> _EXERCISE DETAILS_
Skip all pictures, then copy the lines from the start of the data through the line with "Если в регионе", keeping both ends.

──────── COLLECTED DATA ────────

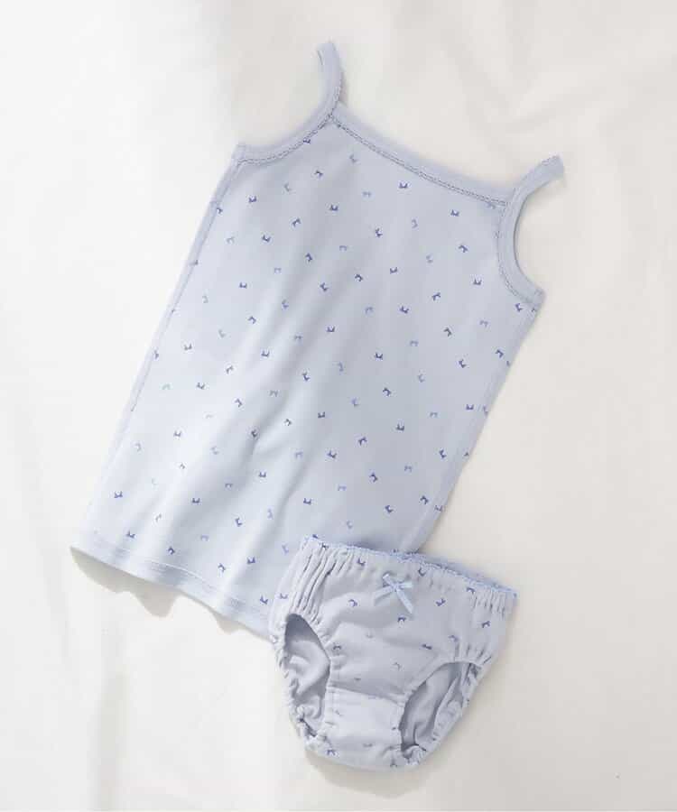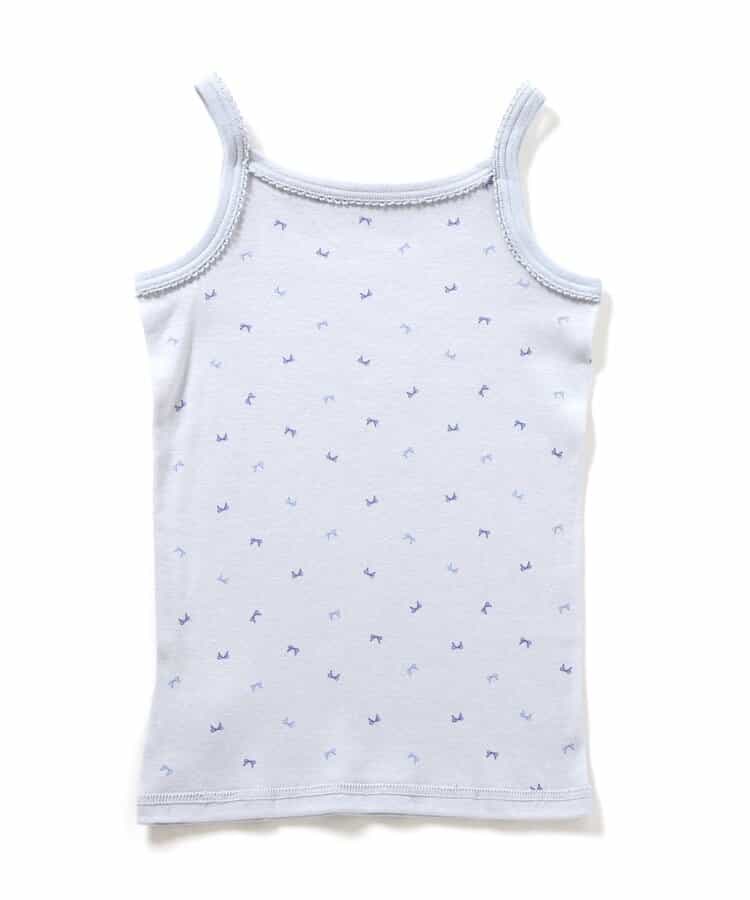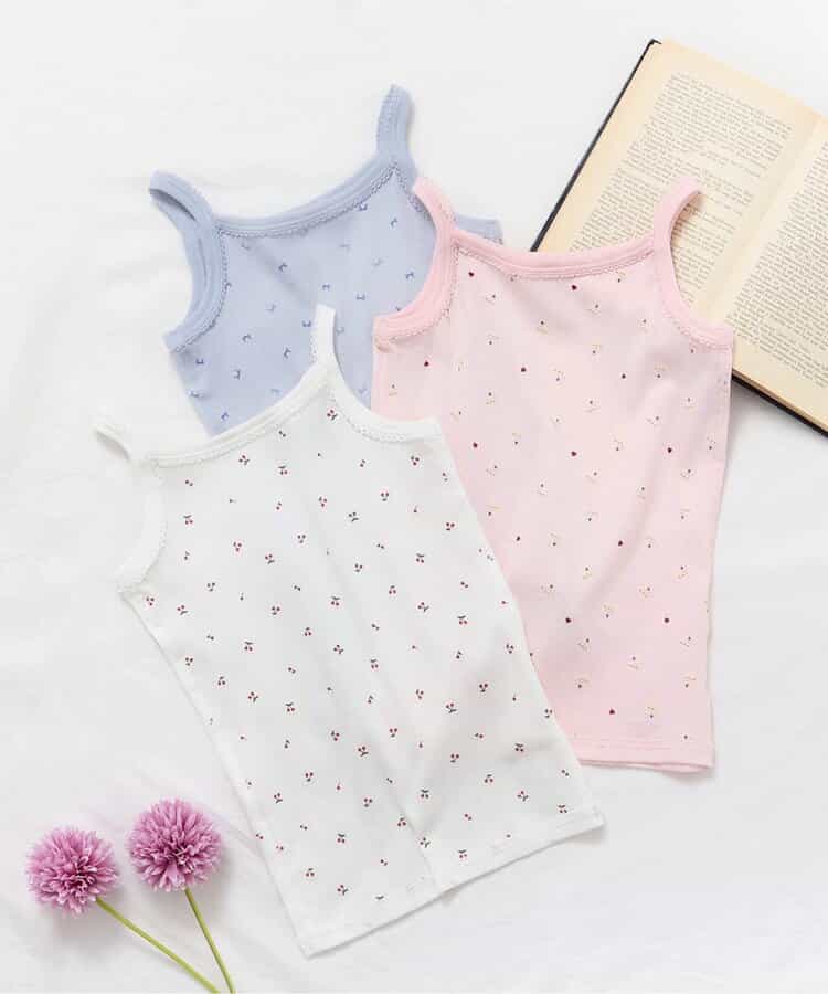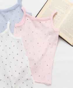 apres les cours(アプレレクール)の肌着「GIRLSフライス総柄キャミソール」は、手頃な価格とおしゃれなデザインが人気!毎日着るものだからかわいいインナーで♪
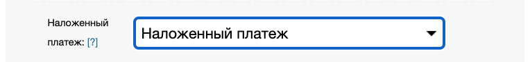 Если в регионе недоступен прием наложенного платежа, опция автоматически устанавливается в значение "Без наложенного платежа", а выбор "Наложенного платежа" становится недоступен пользователю.
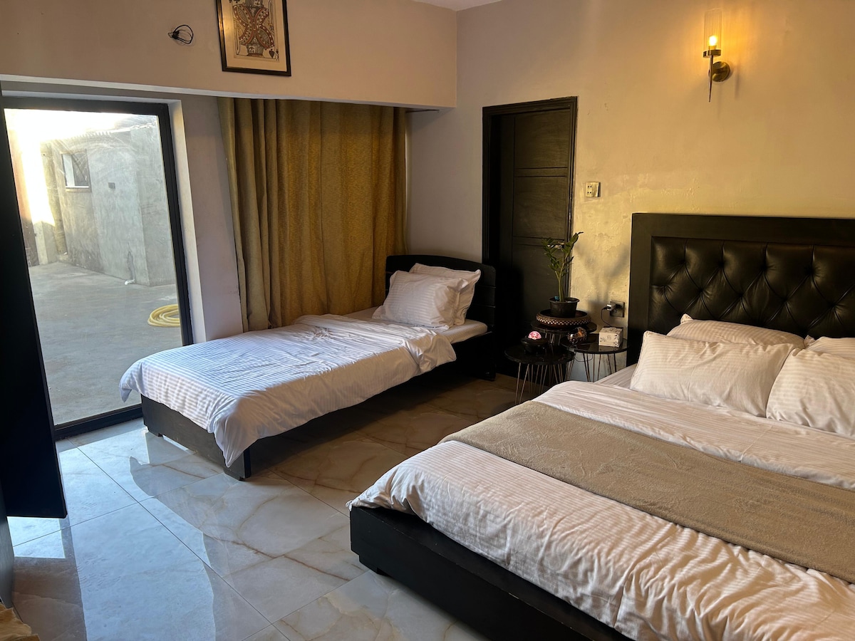 A private room with its own entrance in Darakshan Villas, DHA Phase 6. The room has a double bed (plus an optional single bed), a private attached bathroom, a small private garden, and driveway parking. There’s a mini fridge with soft drinks, a kettle with tea/coffee. Perfect for solo travelers, married couples, and guests who want privacy, comfort, and an easy, peaceful stay in DHA.
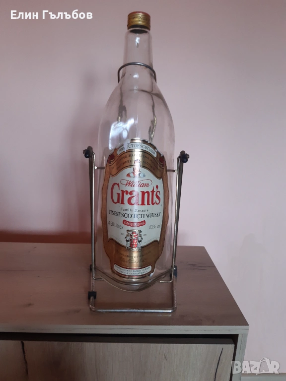Галон (бутилка) от укски Grant"s, на люлка, 4.5 литра → Обява 54039542

────────

> _RESPONSE TO THIS TASK_
 apres les cours(アプレレクール)の肌着「GIRLSフライス総柄キャミソール」は、手頃な価格とおしゃれなデザインが人気!毎日着るものだからかわいいインナーで♪
 Если в регионе недоступен прием наложенного платежа, опция автоматически устанавливается в значение "Без наложенного платежа", а выбор "Наложенного платежа" становится недоступен пользователю.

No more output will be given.